This article describes how to use Looker with a Databricks cluster or Databricks SQL warehouse (formerly Databricks SQL endpoint).
When persistent derived tables (PDTs) are enabled, by default Looker regenerates PDTs every 5 minutes by connecting to the associated database. Databricks recommends that you change the default frequency to avoid incurring excess compute costs. For more information, see Enable and manage persistent derived tables (PDTs).
Before you connect to Looker manually, you need the following:
A cluster or SQL warehouse in your Databricks workspace.
The connection details for your cluster or SQL warehouse, specifically the Server Hostname, Port, and HTTP Path values.
A Databricks personal access token.. To create a personal access token, do the following:
In your Databricks workspace, click your Databricks username in the top bar, and then select User Settings from the drop down.

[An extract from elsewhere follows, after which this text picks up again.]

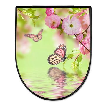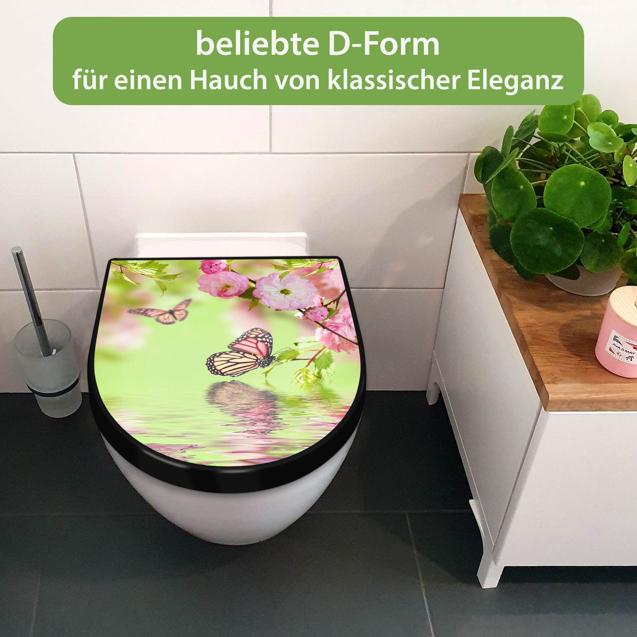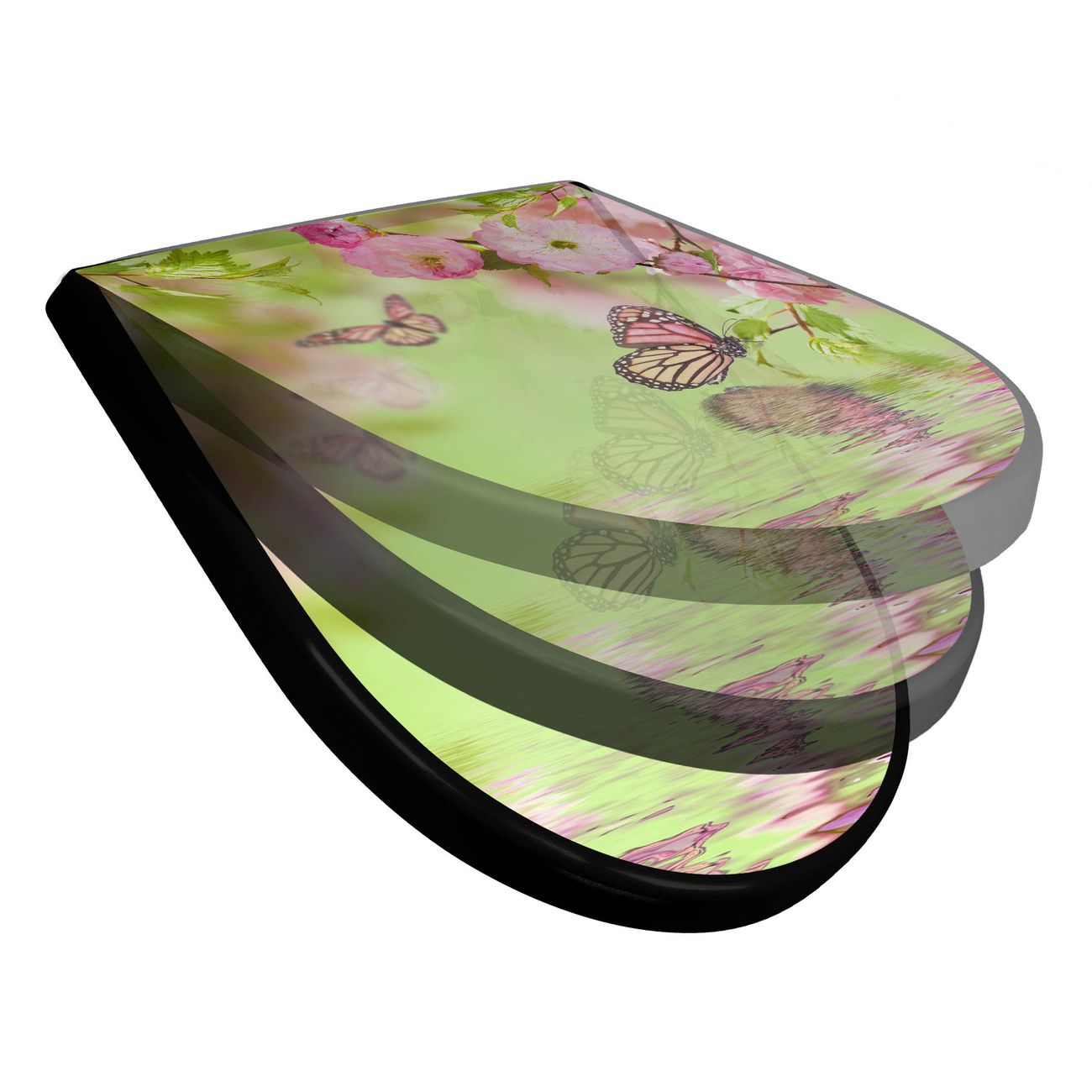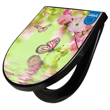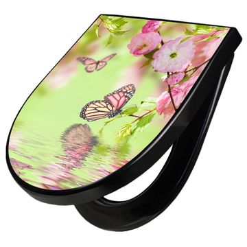 WC Sitz D-Form Schwarz mit Absenkautomatik Motiv Japanische Kirschblüte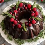 This Gingerbread Chocolate Bundt Cake Christmas Wreath is a festive and rich dessert combining the warming spices of lebkuchen and the deep flavor of cocoa. Moist and tender, it’s enhanced with chunks of lebkuchen chocolate in the batter and topped with a smooth semi-sweet chocolate glaze. Decorated with fresh cranberries, raspberries, and rosemary for a holiday touch, it makes the perfect centerpiece for your Christmas celebrations.

Next to Access tokens, click Manage.
Click Generate new token.
(Optional) Enter a comment that helps you to identify this token in the future, and change the token’s default lifetime of 90 days. To create a token with no lifetime (not recommended), leave the Lifetime (days) box empty (blank).
Copy the displayed token to a secure location, and then click Done.
Be sure to save the copied token in a secure location. Do not share your copied token with others. If you lose the copied token, you cannot regenerate that exact same token. Instead, you must repeat this procedure to create a new token. If you lose the copied token, or you believe that the token has been compromised, Databricks strongly recommends that you immediately delete that token from your workspace by clicking the trash can (Revoke) icon next to the token on the Access tokens page.
If you are not able to create or use tokens in your workspace, this might be because your workspace administrator has disabled tokens or has not given you permission to create or use tokens. See your workspace administrator or the following:
As a security best practice, when you authenticate with automated tools, systems, scripts, and apps, Databricks recommends that you use personal access tokens belonging to service principals instead of workspace users. To create tokens for service principals, see Manage tokens for a service principal.
To connect to Looker manually, do the following:
In Looker, click Admin > Connections > Add Connection.
Enter a unique Name for the connection.
Connection names should contain only lowercase letters, numbers, and underscores. Other characters might be accepted but could cause unexpected results later.
For Dialect, select Databricks.
For Remote Host, enter the Server Hostname from the requirements.
For Port, enter the Port from the requirements.
For Database, enter the name of the database in the workspace that you want to access through the connection (for example,
For Username, enter the word
For Password, enter your personal access token from the requirements.
For Additional Params, enter
<http-path>with the HTTP Path value from the requirements.
For PDT And Datagroup Maintenance Schedule, enter a valid
cronexpression to change the default frequency for regenerating PDTs. The default frequency is every five minutes.
If you want to translate queries into other time zones, adjust Query Time Zone.
For the remaining fields, keep the defaults, in particular:
Keep the Max Connections and Connection Pool Timeout defaults.
Leave Database Time Zone blank (assuming that you are storing everything in UTC).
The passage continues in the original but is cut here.